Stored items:
#####
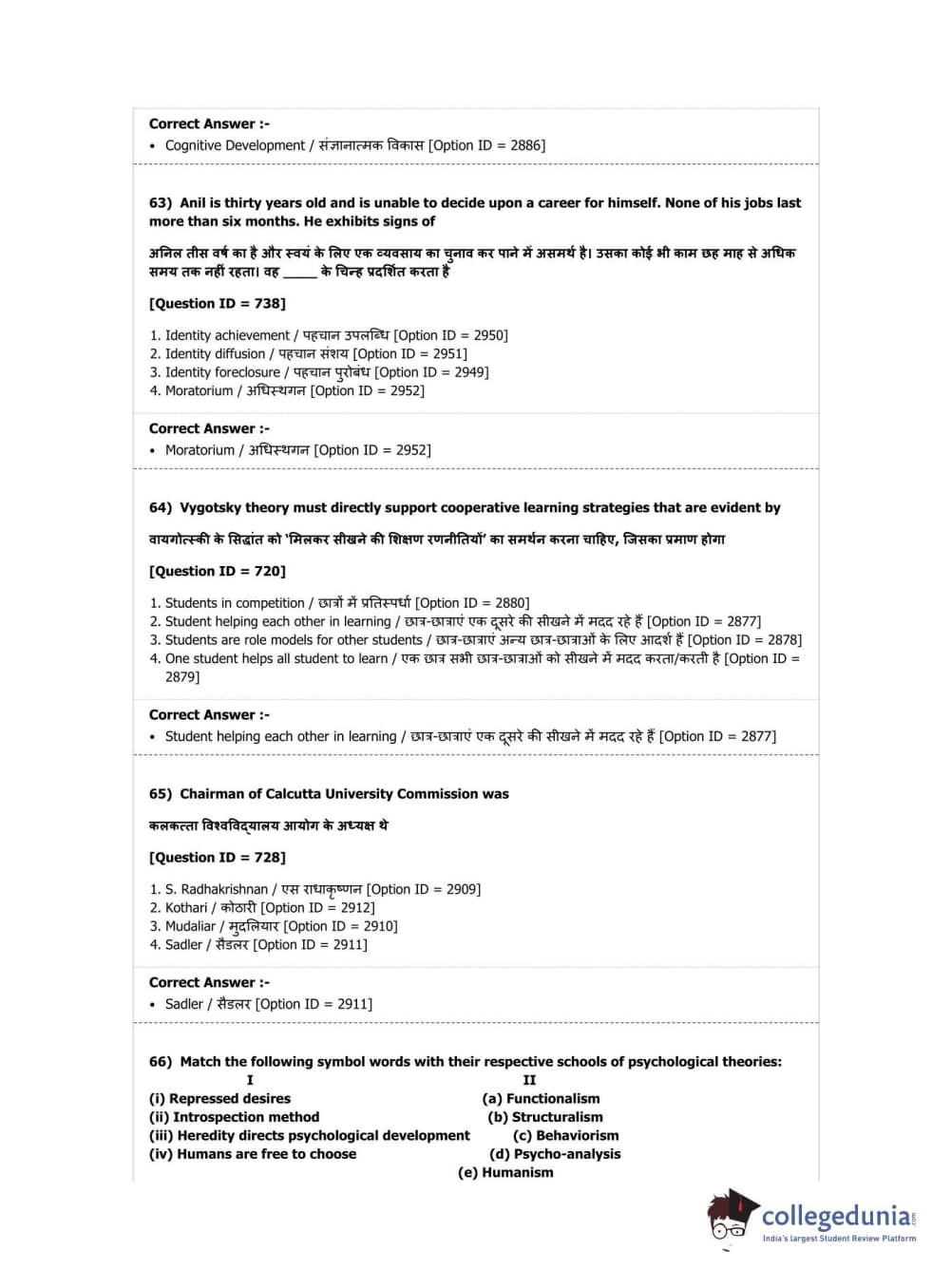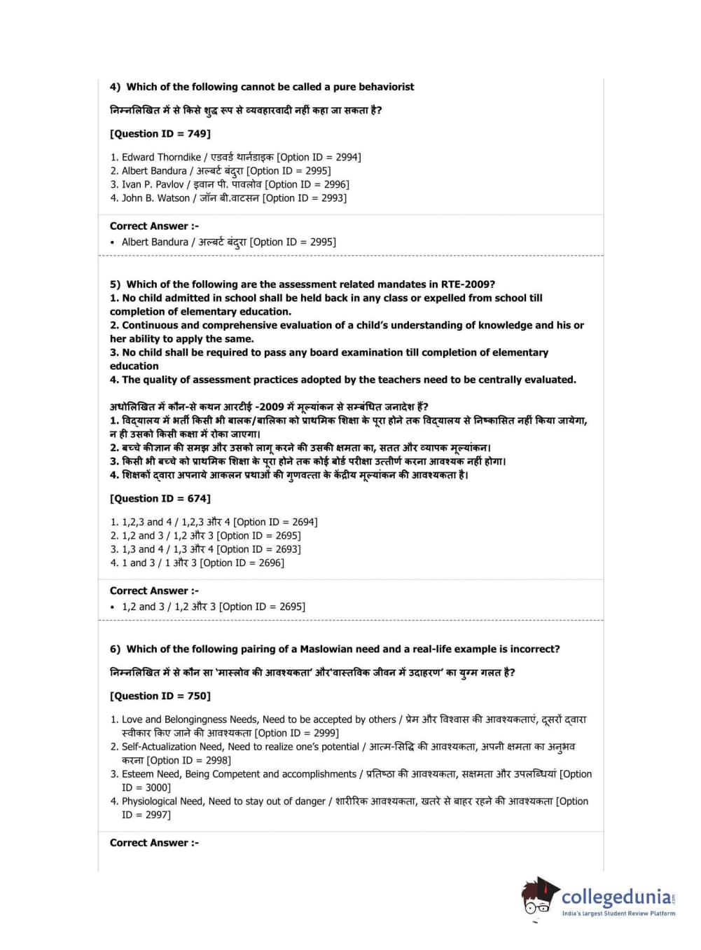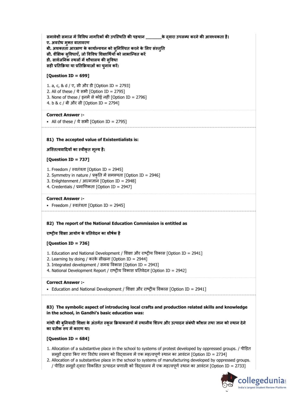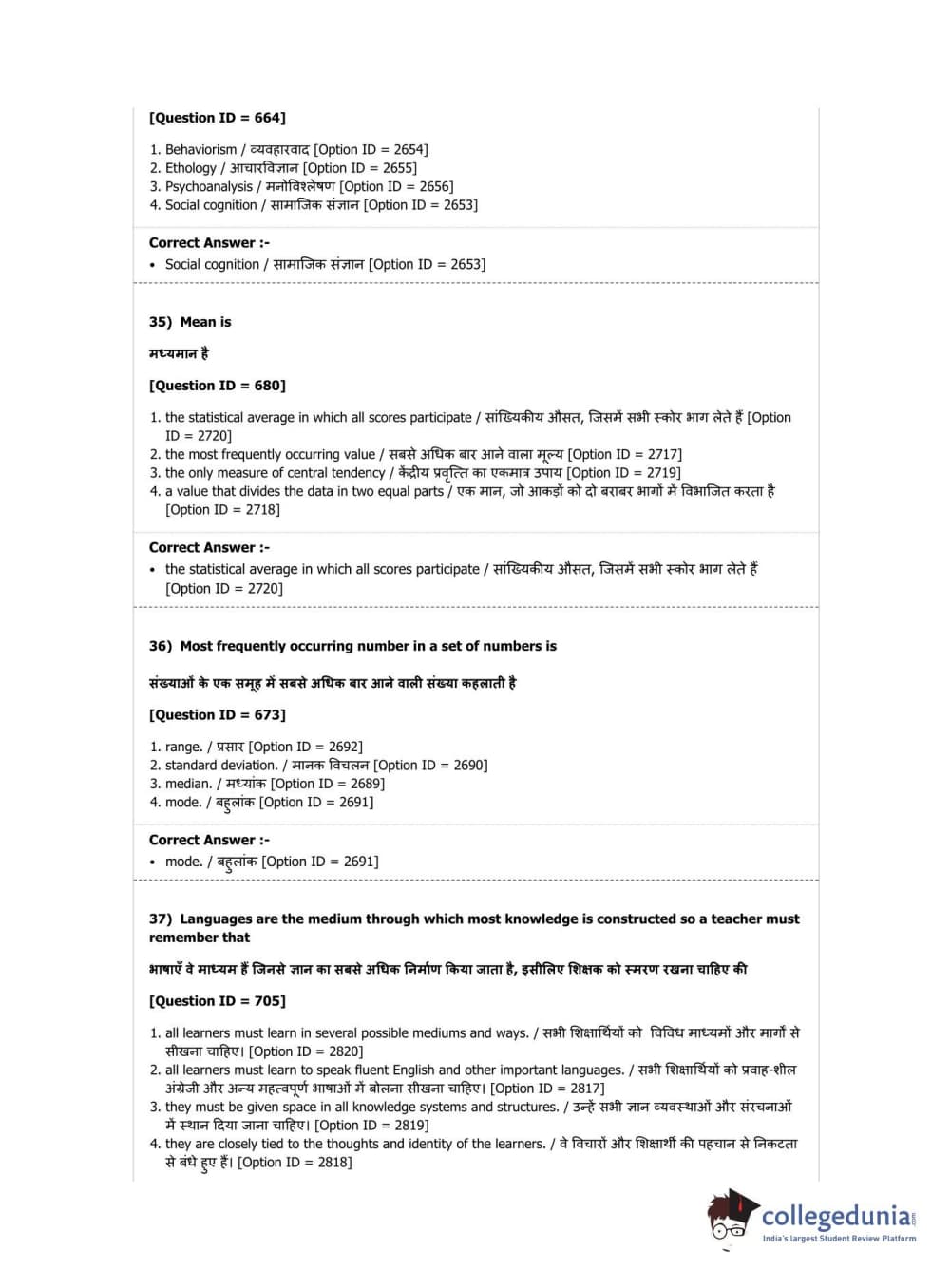 DUET 2019 M.Ed. Question Paper with Answer Key PDF Shift 3
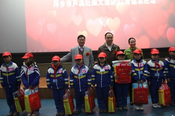 十位爱心大使向来自芦溪县三所小学的50名贫困农民工子女学生赠送了爱心礼包,礼包中除了有新衣新帽外,还分别根据每个小朋友的心愿,配发了小礼物,包括篮球、童话书、书包等。
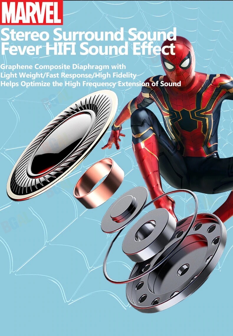 100% Authentic Marvel True Wireless Earphones Stereo Earbuds with LED Display Bluetooth V5.0 Wireless Earphones Iron Man Mini TWS Captain America Black Widow Spider Man BTMV09
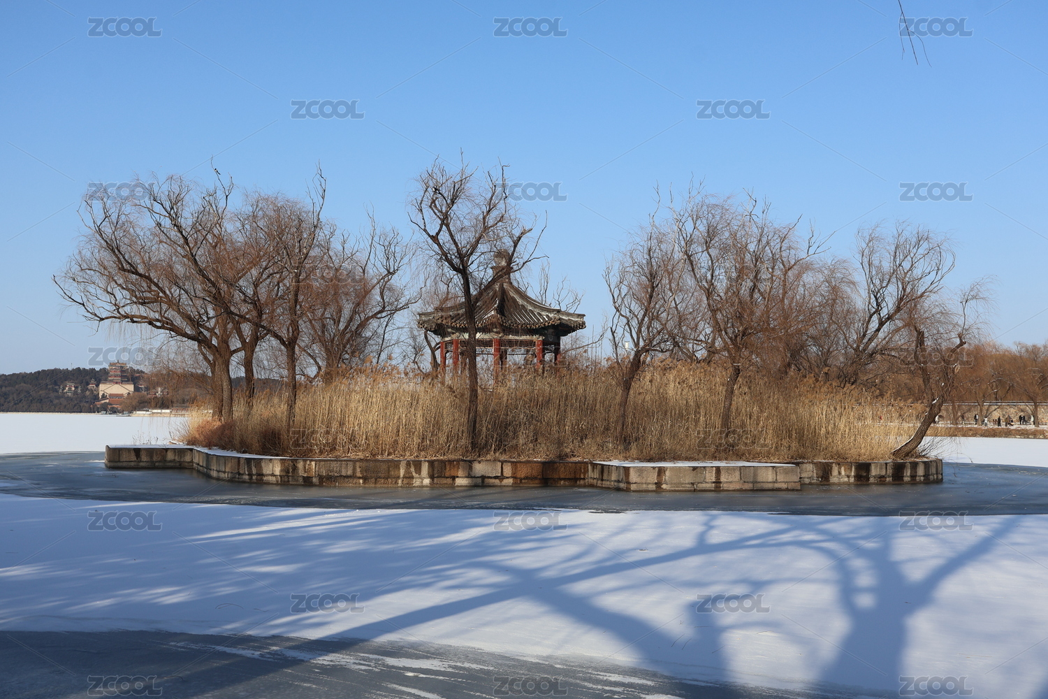 北京初雪后颐和园西堤风光
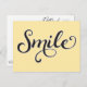 Send a message to tell them Hi with one of our custom postcards. Adorned with a soft yellow background with hand scripted letters the word Smile on the front. Customize the back with your address. View our full selection of greeting cards in our Zazzle store!
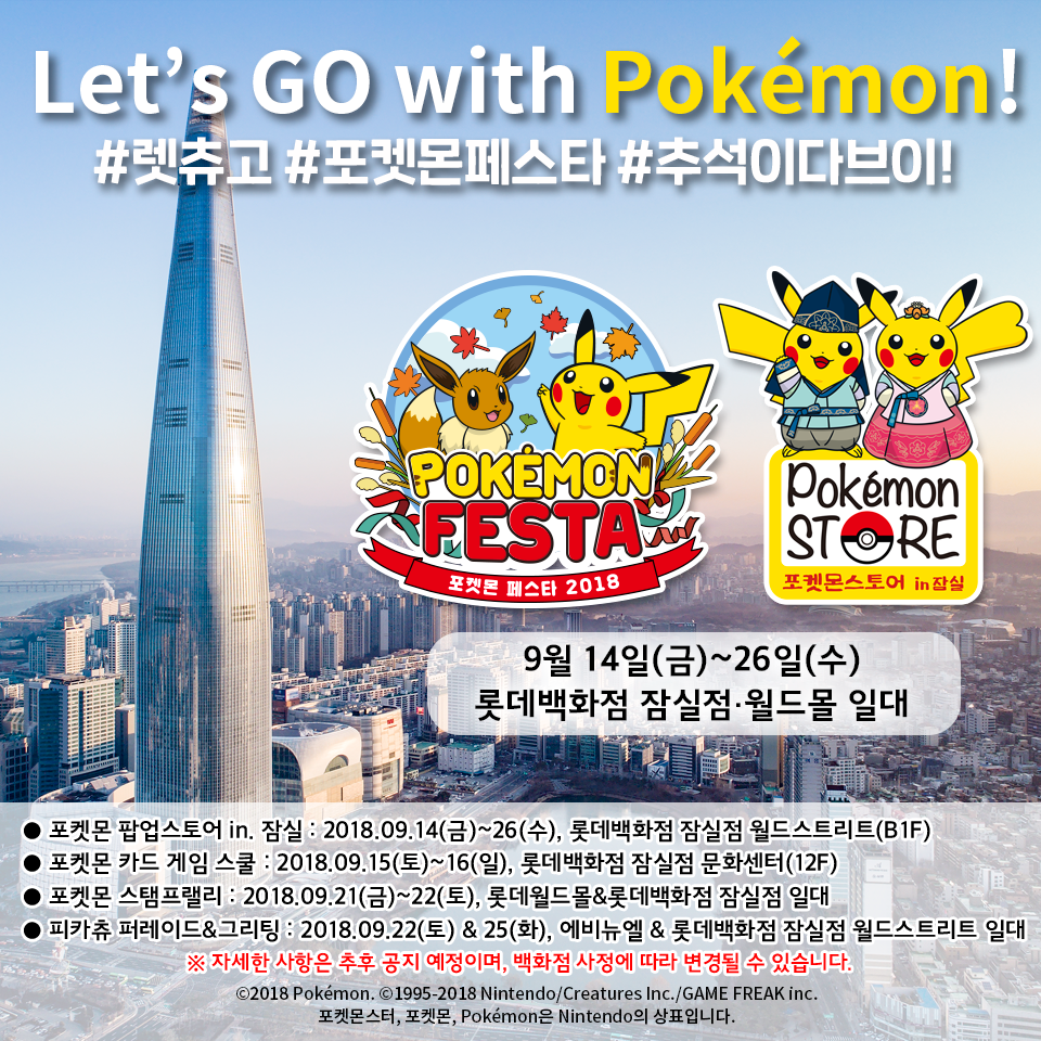 ㈜포켓몬코리아가 주최하는 “Pokémon FESTA”가 9월 14일(금) ~ 9월 26일(수) 까지 서울 잠실에서 개최됩니다. 이 이벤트 기간 내의 일주일간 (9월 17일 ~ 9월 25일) 한국의 전 지역(일부 지역 제외)에서 평소보다 포켓몬의 출현 확률이 더 높아질 예정입니다!
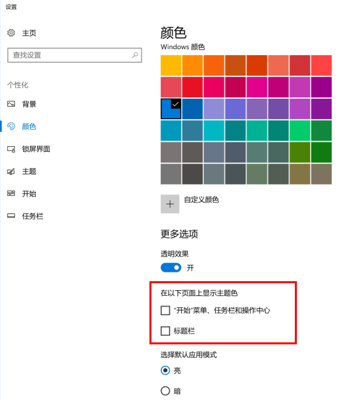 若您需要在““开始”菜单、任务栏和操作中心”或“标题栏和窗口边框”中显示主题色,勾选“在以下页面上显示主题色”中的相应选项。
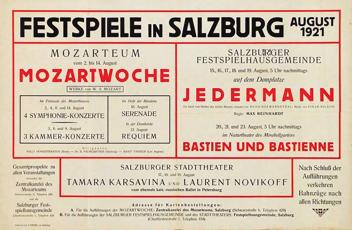 Im September 1918 - zwei Monate vor dem Waffenstillstand - entwarf Hugo von Hofmannsthal einen kühnen Plan für den Wiederaufbau Europas: „Dass gerade von Österreich aus es möglich sein wird, die zerrissenen Fäden der europäischen Kulturgemeinschaft wieder anzuknüpfen und in keinem Zeichen eher als im Zeichen der Musik und des Theaters. Das [könnte] Salzburg für die darstellende Kunst werden." Obwohl der erste „Jedermann" im August 1920 vor allem deutsches und österreichisches Publikum anlockte, spornte dies zu weiterem Handeln an: Mozarteum, Landestheater und Salzburger Festspielhausgemeinde schlossen sich 1921 zur Arbeitsgemeinschaft für „Festspiele in Salzburg" zusammen.
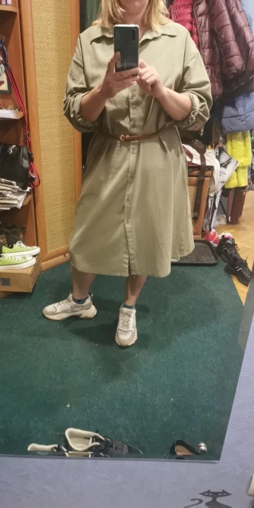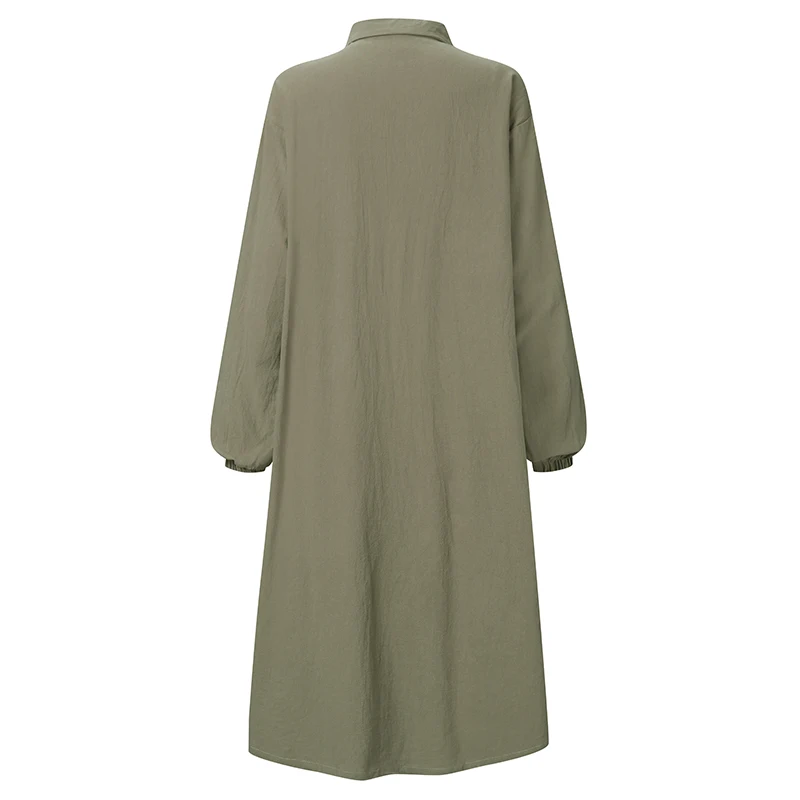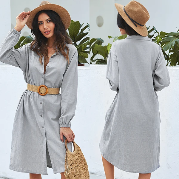 Женское платье-рубашка с длинным рукавом, из хлопка и льна
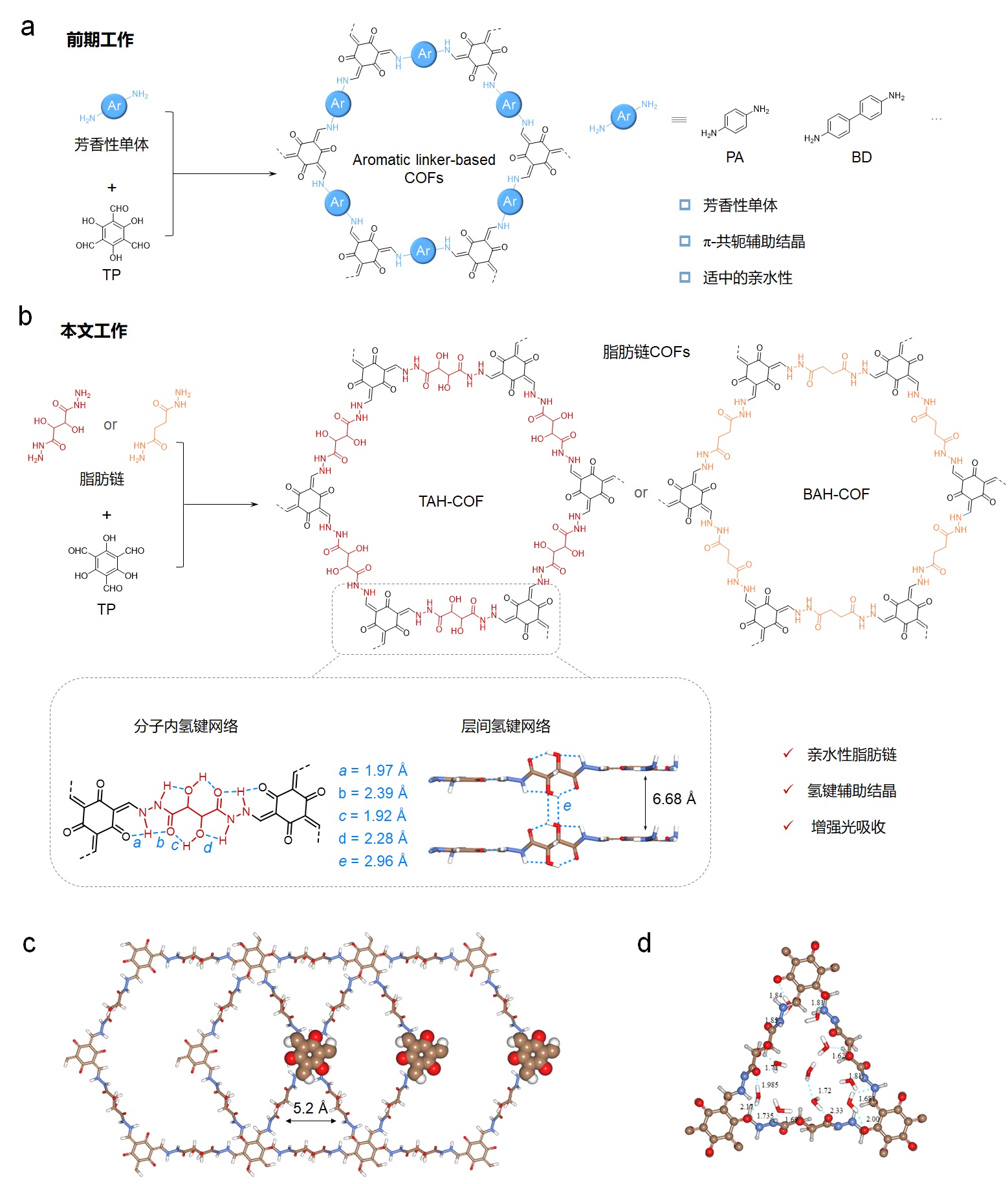 过氧化氢(H2O2)是高价值的工业化学品,广泛应用于纸浆漂白、废水处理、消毒和化学合成,以阳光、水为原料制H2O2的人工光合成具有反应温和、操作简单和无二次污染等优点。COF是一类新兴的有机光电半导体。然而,大多数COF是由芳环连接单元构建,其骨架疏水性极大限制了在水中光催化的反应效率。
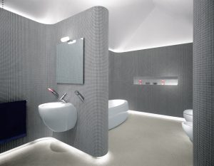 Grå mosaik med dold belysning vid taket förstärker den futuristiska känslan i Alessis badrum. Handfat One, design Stefano Giovannoni för Laufen, Oras och Alessi. Blandare, Il Bagno Alessi, 4 992 kr, Oras. Badkar One, 66 297 kr, Laufen, allt under namnet Alessi One/Duo Bad.
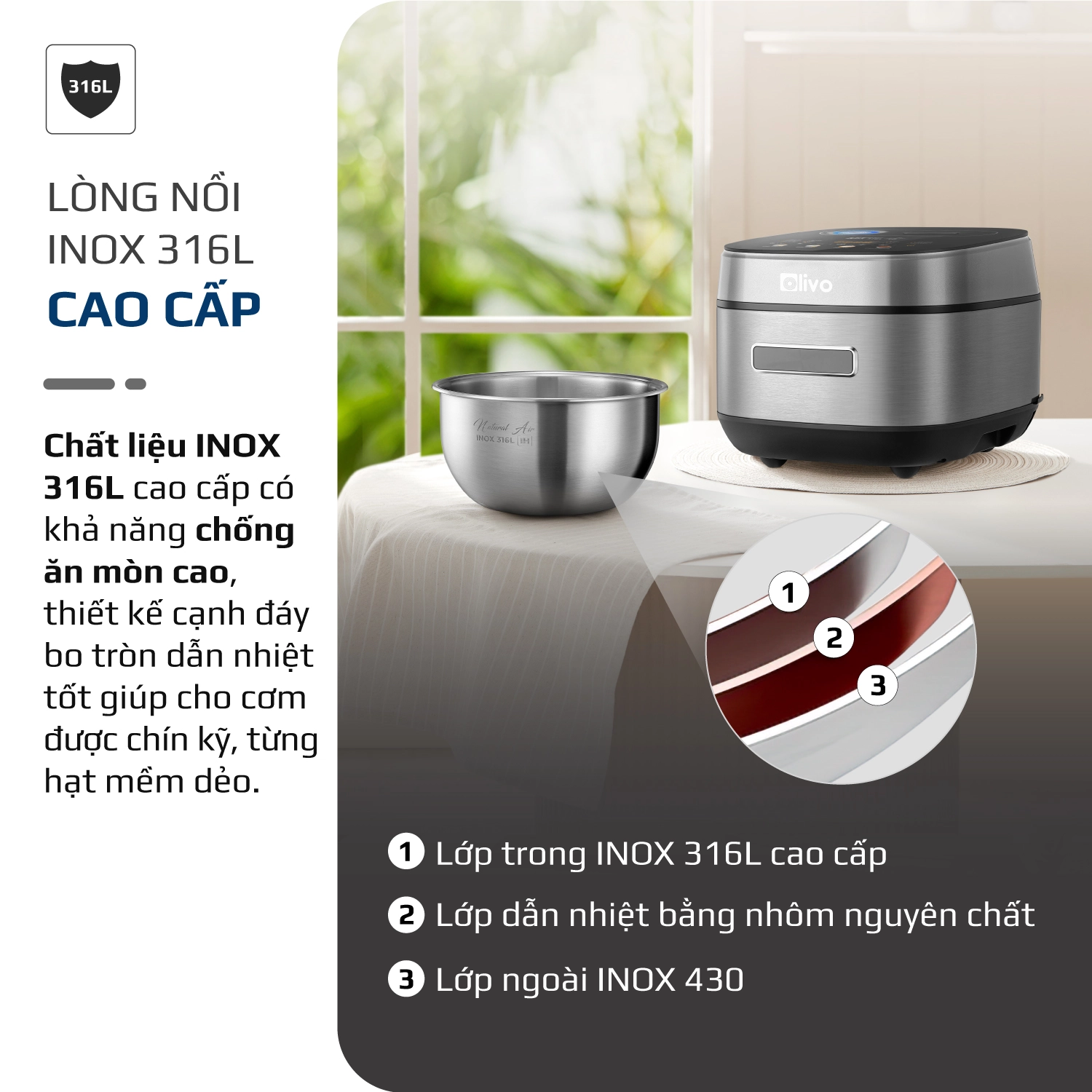 Nồi cơm điện cao tần OLIVO RC900IH là thiết bị nấu cơm cao cấp, giúp nâng tầm trải nghiệm bếp Việt hiện đại. Sản phẩm ứng dụng công nghệ nấu cao tần IH (Induction Heating) cho nhiệt lượng lan tỏa đều 360 độ từ đáy, thân đến nắp nồi, giúp cơm chín đều, mềm dẻo, giữ trọn độ ẩm và hương vị tự nhiên.
#####
What the exercise asks >>
The data above should be restated exactly, with its images dropped.

Response area >>
 DUET 2019 M.Ed. Question Paper with Answer Key PDF Shift 3
 十位爱心大使向来自芦溪县三所小学的50名贫困农民工子女学生赠送了爱心礼包,礼包中除了有新衣新帽外,还分别根据每个小朋友的心愿,配发了小礼物,包括篮球、童话书、书包等。
 100% Authentic Marvel True Wireless Earphones Stereo Earbuds with LED Display Bluetooth V5.0 Wireless Earphones Iron Man Mini TWS Captain America Black Widow Spider Man BTMV09
 北京初雪后颐和园西堤风光
 Send a message to tell them Hi with one of our custom postcards. Adorned with a soft yellow background with hand scripted letters the word Smile on the front. Customize the back with your address. View our full selection of greeting cards in our Zazzle store!
 ㈜포켓몬코리아가 주최하는 “Pokémon FESTA”가 9월 14일(금) ~ 9월 26일(수) 까지 서울 잠실에서 개최됩니다. 이 이벤트 기간 내의 일주일간 (9월 17일 ~ 9월 25일) 한국의 전 지역(일부 지역 제외)에서 평소보다 포켓몬의 출현 확률이 더 높아질 예정입니다!
 若您需要在““开始”菜单、任务栏和操作中心”或“标题栏和窗口边框”中显示主题色,勾选“在以下页面上显示主题色”中的相应选项。
 Im September 1918 - zwei Monate vor dem Waffenstillstand - entwarf Hugo von Hofmannsthal einen kühnen Plan für den Wiederaufbau Europas: „Dass gerade von Österreich aus es möglich sein wird, die zerrissenen Fäden der europäischen Kulturgemeinschaft wieder anzuknüpfen und in keinem Zeichen eher als im Zeichen der Musik und des Theaters. Das [könnte] Salzburg für die darstellende Kunst werden." Obwohl der erste „Jedermann" im August 1920 vor allem deutsches und österreichisches Publikum anlockte, spornte dies zu weiterem Handeln an: Mozarteum, Landestheater und Salzburger Festspielhausgemeinde schlossen sich 1921 zur Arbeitsgemeinschaft für „Festspiele in Salzburg" zusammen.
 Женское платье-рубашка с длинным рукавом, из хлопка и льна
 过氧化氢(H2O2)是高价值的工业化学品,广泛应用于纸浆漂白、废水处理、消毒和化学合成,以阳光、水为原料制H2O2的人工光合成具有反应温和、操作简单和无二次污染等优点。COF是一类新兴的有机光电半导体。然而,大多数COF是由芳环连接单元构建,其骨架疏水性极大限制了在水中光催化的反应效率。
 Grå mosaik med dold belysning vid taket förstärker den futuristiska känslan i Alessis badrum. Handfat One, design Stefano Giovannoni för Laufen, Oras och Alessi. Blandare, Il Bagno Alessi, 4 992 kr, Oras. Badkar One, 66 297 kr, Laufen, allt under namnet Alessi One/Duo Bad.
 Nồi cơm điện cao tần OLIVO RC900IH là thiết bị nấu cơm cao cấp, giúp nâng tầm trải nghiệm bếp Việt hiện đại. Sản phẩm ứng dụng công nghệ nấu cao tần IH (Induction Heating) cho nhiệt lượng lan tỏa đều 360 độ từ đáy, thân đến nắp nồi, giúp cơm chín đều, mềm dẻo, giữ trọn độ ẩm và hương vị tự nhiên.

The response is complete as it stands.